ChattyCarole
Some great advice
My mouth fell open this morning.
I had been feeling frustrated at how slow weight loss has been, especially lately. I know that slow is good; it means that my weight loss has a higher chance of being permanent. But still…ugh!!!
My lovely hairdresser, while she was snipping away, wisely suggested that I stop weighing myself every day. It’s a habit of mine. I’m afraid my weight will spiral out of control if I don’t do it. Sounds crazy, but that’s how I feel. I need a daily check in. Trouble is, it sets the tone for my day, good or bad. If the scale moves down, GREAT! But if it moves up, I start analyzing what I did wrong – what I ate, did I move my body enough, etc. I know that weight can go up and down for all kinds of reasons. But I’m hard on myself.

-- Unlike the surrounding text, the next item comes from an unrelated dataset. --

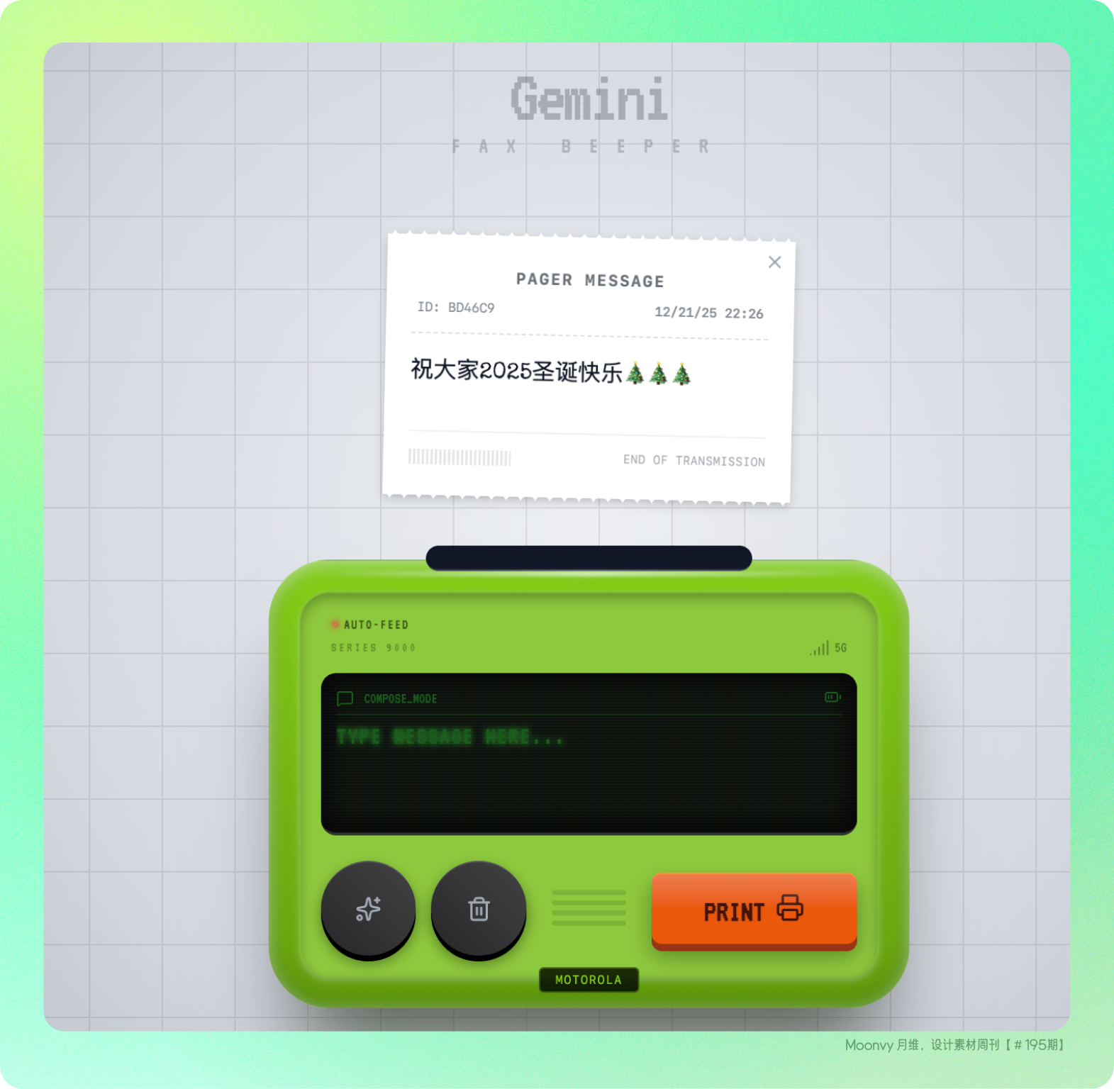 请帮我制作一个 Motorola Fix Beeper 复古打字机应用,网页中间显示一个打字机,可以把用户输入的文本,生成一张卡片,类似打字机缓慢打出的效果,并且可以拖动卡片到空白区域

So I took her advice. I stopped weighing myself every morning. I skipped Sunday, Monday, Tuesday and Wednesday. This morning, I decided I would see where things were at. And that’s when my mouth literally fell open. O!
187.0 lbs.
For reals. I have been stuck in the 190’s for weeks now.
Now I'm analyzing why it suddenly moved? Is it because I’m obsessing less about the number by skipping some days? OMG I need to stop analyzing! I need to stop trying to figure it out and just be happy!
I've lost 35 lbs. That's a small child! This motivates me to continue making healthy food choices and to move my body. It's working and I'm feeling better - physically and mentally. One pound at a time.